Write out the records again, exactly, leaving none out.

Records from a data source
:::::

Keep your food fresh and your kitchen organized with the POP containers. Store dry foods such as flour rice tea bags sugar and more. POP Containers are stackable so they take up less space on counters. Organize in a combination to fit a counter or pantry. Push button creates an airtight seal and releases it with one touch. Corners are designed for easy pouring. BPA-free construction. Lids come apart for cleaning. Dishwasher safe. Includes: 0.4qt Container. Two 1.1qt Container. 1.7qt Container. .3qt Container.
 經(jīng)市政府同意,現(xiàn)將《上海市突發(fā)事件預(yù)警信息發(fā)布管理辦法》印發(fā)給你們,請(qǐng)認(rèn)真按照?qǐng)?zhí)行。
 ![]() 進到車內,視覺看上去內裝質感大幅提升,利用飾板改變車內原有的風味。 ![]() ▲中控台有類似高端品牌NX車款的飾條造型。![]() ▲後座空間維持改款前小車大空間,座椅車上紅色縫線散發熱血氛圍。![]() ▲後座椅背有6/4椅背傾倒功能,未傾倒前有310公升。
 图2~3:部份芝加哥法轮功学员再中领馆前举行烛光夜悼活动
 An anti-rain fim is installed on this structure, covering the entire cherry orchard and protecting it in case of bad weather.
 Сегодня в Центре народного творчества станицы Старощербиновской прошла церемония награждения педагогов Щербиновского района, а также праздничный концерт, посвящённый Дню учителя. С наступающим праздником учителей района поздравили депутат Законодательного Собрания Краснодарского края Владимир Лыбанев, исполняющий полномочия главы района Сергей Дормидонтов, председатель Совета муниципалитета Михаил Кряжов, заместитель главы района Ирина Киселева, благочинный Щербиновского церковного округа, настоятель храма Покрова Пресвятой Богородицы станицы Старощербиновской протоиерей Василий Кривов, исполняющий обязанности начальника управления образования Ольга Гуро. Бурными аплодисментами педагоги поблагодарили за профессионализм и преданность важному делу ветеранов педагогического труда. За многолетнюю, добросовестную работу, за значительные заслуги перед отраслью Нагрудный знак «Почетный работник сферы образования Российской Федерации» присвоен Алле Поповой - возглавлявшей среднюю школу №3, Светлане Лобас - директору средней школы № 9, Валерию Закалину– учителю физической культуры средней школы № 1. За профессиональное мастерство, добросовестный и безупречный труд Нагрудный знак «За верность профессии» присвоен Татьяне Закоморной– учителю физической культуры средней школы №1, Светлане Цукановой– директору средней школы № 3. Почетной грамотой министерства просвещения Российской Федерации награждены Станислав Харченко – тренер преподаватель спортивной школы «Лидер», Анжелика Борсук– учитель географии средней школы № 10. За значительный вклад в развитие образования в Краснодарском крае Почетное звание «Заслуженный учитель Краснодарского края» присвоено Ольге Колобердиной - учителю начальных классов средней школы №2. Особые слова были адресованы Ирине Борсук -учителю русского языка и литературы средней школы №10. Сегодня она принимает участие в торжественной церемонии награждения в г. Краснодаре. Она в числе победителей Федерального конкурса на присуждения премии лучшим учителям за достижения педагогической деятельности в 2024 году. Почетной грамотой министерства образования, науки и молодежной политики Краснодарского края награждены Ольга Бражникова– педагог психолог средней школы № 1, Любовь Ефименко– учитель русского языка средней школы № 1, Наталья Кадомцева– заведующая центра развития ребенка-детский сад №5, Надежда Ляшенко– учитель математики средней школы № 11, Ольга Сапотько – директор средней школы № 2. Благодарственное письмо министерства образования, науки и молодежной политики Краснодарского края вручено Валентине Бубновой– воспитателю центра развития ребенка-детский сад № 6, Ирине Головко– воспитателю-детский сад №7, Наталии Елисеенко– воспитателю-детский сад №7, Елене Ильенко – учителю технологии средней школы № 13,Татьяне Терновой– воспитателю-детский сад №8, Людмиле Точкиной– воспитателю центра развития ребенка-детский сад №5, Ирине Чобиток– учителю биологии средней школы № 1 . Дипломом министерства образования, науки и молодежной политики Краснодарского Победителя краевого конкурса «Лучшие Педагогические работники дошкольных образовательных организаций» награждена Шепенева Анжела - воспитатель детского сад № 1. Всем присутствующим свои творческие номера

:::::

## RESULT OF THIS EXERCISE
Keep your food fresh and your kitchen organized with the POP containers. Store dry foods such as flour rice tea bags sugar and more. POP Containers are stackable so they take up less space on counters. Organize in a combination to fit a counter or pantry. Push button creates an airtight seal and releases it with one touch. Corners are designed for easy pouring. BPA-free construction. Lids come apart for cleaning. Dishwasher safe. Includes: 0.4qt Container. Two 1.1qt Container. 1.7qt Container. .3qt Container.
 經(jīng)市政府同意,現(xiàn)將《上海市突發(fā)事件預(yù)警信息發(fā)布管理辦法》印發(fā)給你們,請(qǐng)認(rèn)真按照?qǐng)?zhí)行。
 ![]() 進到車內,視覺看上去內裝質感大幅提升,利用飾板改變車內原有的風味。 ![]() ▲中控台有類似高端品牌NX車款的飾條造型。![]() ▲後座空間維持改款前小車大空間,座椅車上紅色縫線散發熱血氛圍。![]() ▲後座椅背有6/4椅背傾倒功能,未傾倒前有310公升。
 图2~3:部份芝加哥法轮功学员再中领馆前举行烛光夜悼活动
 An anti-rain fim is installed on this structure, covering the entire cherry orchard and protecting it in case of bad weather.
 Сегодня в Центре народного творчества станицы Старощербиновской прошла церемония награждения педагогов Щербиновского района, а также праздничный концерт, посвящённый Дню учителя. С наступающим праздником учителей района поздравили депутат Законодательного Собрания Краснодарского края Владимир Лыбанев, исполняющий полномочия главы района Сергей Дормидонтов, председатель Совета муниципалитета Михаил Кряжов, заместитель главы района Ирина Киселева, благочинный Щербиновского церковного округа, настоятель храма Покрова Пресвятой Богородицы станицы Старощербиновской протоиерей Василий Кривов, исполняющий обязанности начальника управления образования Ольга Гуро. Бурными аплодисментами педагоги поблагодарили за профессионализм и преданность важному делу ветеранов педагогического труда. За многолетнюю, добросовестную работу, за значительные заслуги перед отраслью Нагрудный знак «Почетный работник сферы образования Российской Федерации» присвоен Алле Поповой - возглавлявшей среднюю школу №3, Светлане Лобас - директору средней школы № 9, Валерию Закалину– учителю физической культуры средней школы № 1. За профессиональное мастерство, добросовестный и безупречный труд Нагрудный знак «За верность профессии» присвоен Татьяне Закоморной– учителю физической культуры средней школы №1, Светлане Цукановой– директору средней школы № 3. Почетной грамотой министерства просвещения Российской Федерации награждены Станислав Харченко – тренер преподаватель спортивной школы «Лидер», Анжелика Борсук– учитель географии средней школы № 10. За значительный вклад в развитие образования в Краснодарском крае Почетное звание «Заслуженный учитель Краснодарского края» присвоено Ольге Колобердиной - учителю начальных классов средней школы №2. Особые слова были адресованы Ирине Борсук -учителю русского языка и литературы средней школы №10. Сегодня она принимает участие в торжественной церемонии награждения в г. Краснодаре. Она в числе победителей Федерального конкурса на присуждения премии лучшим учителям за достижения педагогической деятельности в 2024 году. Почетной грамотой министерства образования, науки и молодежной политики Краснодарского края награждены Ольга Бражникова– педагог психолог средней школы № 1, Любовь Ефименко– учитель русского языка средней школы № 1, Наталья Кадомцева– заведующая центра развития ребенка-детский сад №5, Надежда Ляшенко– учитель математики средней школы № 11, Ольга Сапотько – директор средней школы № 2. Благодарственное письмо министерства образования, науки и молодежной политики Краснодарского края вручено Валентине Бубновой– воспитателю центра развития ребенка-детский сад № 6, Ирине Головко– воспитателю-детский сад №7, Наталии Елисеенко– воспитателю-детский сад №7, Елене Ильенко – учителю технологии средней школы № 13,Татьяне Терновой– воспитателю-детский сад №8, Людмиле Точкиной– воспитателю центра развития ребенка-детский сад №5, Ирине Чобиток– учителю биологии средней школы № 1 . Дипломом министерства образования, науки и молодежной политики Краснодарского Победителя краевого конкурса «Лучшие Педагогические работники дошкольных образовательных организаций» награждена Шепенева Анжела - воспитатель детского сад № 1. Всем присутствующим свои творческие номера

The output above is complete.